The CBN wants to see that your institution has genuinely assessed where it is, where it needs to get to, and how it is going to get there.

Step 1 - Start with an honest gap assessment

Before you open the CBN template, run an internal audit of your current AML setup against the twelve capability areas in Sections 5.1 through 5.12 of the Baseline Standards. The CBN is asking you to do this anyway — the template has columns for "Current State" and "Target State" for a reason.

The question your executive summary needs to answer is simple: is your AML operation currently Manual, Semi-Automated, or Automated? Most Nigerian financial institutions, if they are honest, fall somewhere in the first two categories for the majority of capabilities. That is not a problem — it is the starting point the CBN expects you to name.

Common mistake: Institutions that select "Automated" for capabilities they have not actually implemented create a much larger problem for themselves during examination. The CBN will ask for evidence. "Automated" means you have logs, callbacks, and a live system generating them — not a plan to have one.

For each of the twelve sections, ask your team three questions:

1. What are we actually doing today to meet this requirement — and is it manual, partially automated, or fully automated?

2. What is the gap between that and what the CBN requires?

3. What evidence do we have (or can we generate before submission) that the current state is what we say it is?
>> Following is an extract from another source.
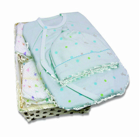 Boasting an adorable design in colorful dot pattern, this box set comes with a tie-knot hat, side-opening coverall, a pair of arm bands and 8 disposable diapers finely packaged in a premium basket for a nice gifting presentation. Filled with the finest essentials made of soft cotton, this exquisite set makes a perfect welcome gift for a newborn boy.
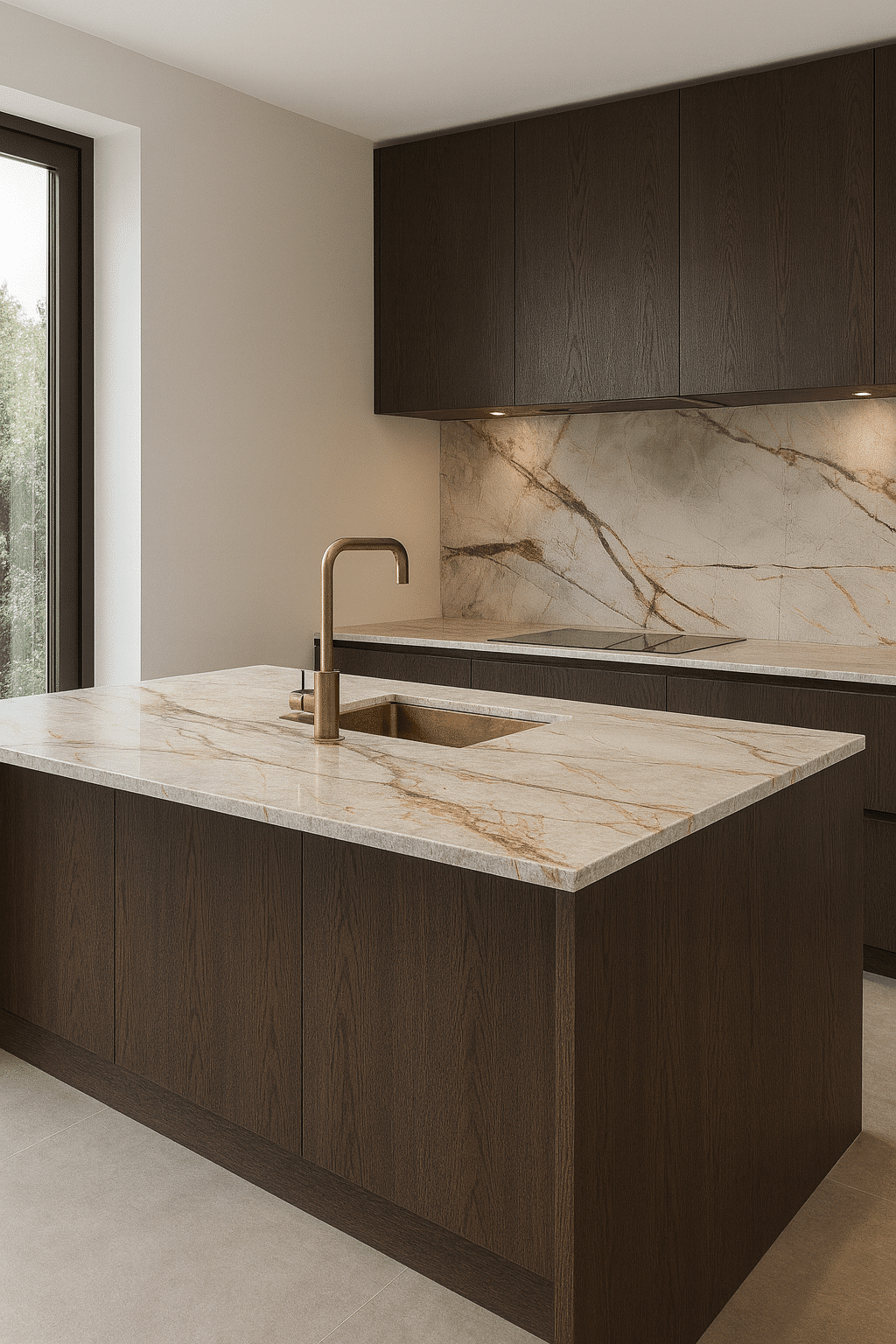 Natuursteen is een keuze voor liefhebbers van authenticiteit. Geen enkele plaat is hetzelfde: elke ader, nuance en tekening is gevormd door duizenden jaren natuur. Dit maakt een natuurstenen keukenblad niet alleen bijzonder om te zien, maar ook uniek in uitstraling.

This exercise will feel uncomfortable if your current controls are weak. That discomfort is productive. The CBN implementation roadmap is an invitation to show you understand the gap and have a credible plan to close it.

We created a free tool here that can support your gap assessment.

Step 2 - Understand what the CBN is actually measuring

The twelve capability areas in the Baseline Standards are not arbitrary. They follow the full lifecycle of an AML compliance programme — from knowing your customer all the way through to audit governance and board oversight. To complete your implementation plan well, it helps to understand the intent behind each cluster.

• Customer intelligence (5.1 – 5.4)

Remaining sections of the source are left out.